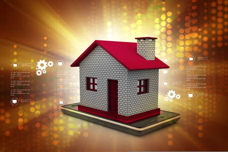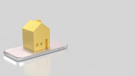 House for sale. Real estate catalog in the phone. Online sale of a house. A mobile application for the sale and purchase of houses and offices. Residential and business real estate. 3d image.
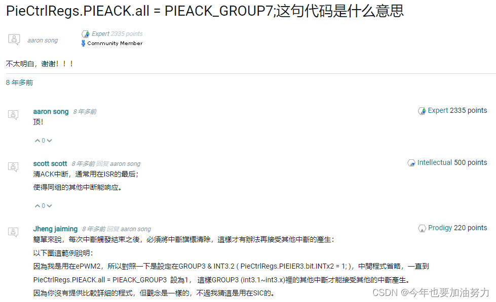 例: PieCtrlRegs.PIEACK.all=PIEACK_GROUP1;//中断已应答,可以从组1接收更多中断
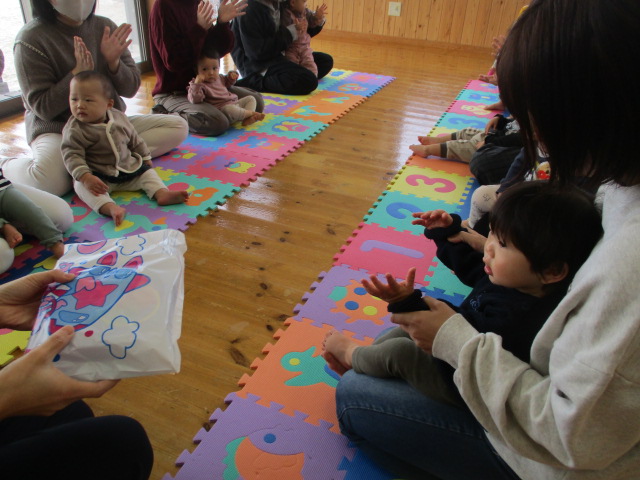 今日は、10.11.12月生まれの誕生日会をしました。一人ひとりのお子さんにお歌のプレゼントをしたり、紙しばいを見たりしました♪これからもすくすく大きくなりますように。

==============================

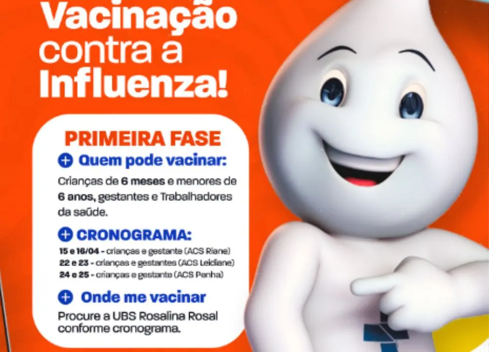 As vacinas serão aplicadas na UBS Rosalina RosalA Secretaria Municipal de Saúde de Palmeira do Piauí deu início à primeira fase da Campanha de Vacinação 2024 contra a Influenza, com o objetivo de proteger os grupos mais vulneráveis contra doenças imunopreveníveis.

==============================

Directions for this task: For this exercise, transcribe exactly the part of the records above that opens with the line containing "例: PieCtrlRegs" and closes with the one containing "今日は、10.11.12月生". Pictures are not part of the copy.

Result of this exercise:
 例: PieCtrlRegs.PIEACK.all=PIEACK_GROUP1;//中断已应答,可以从组1接收更多中断
 今日は、10.11.12月生まれの誕生日会をしました。一人ひとりのお子さんにお歌のプレゼントをしたり、紙しばいを見たりしました♪これからもすくすく大きくなりますように。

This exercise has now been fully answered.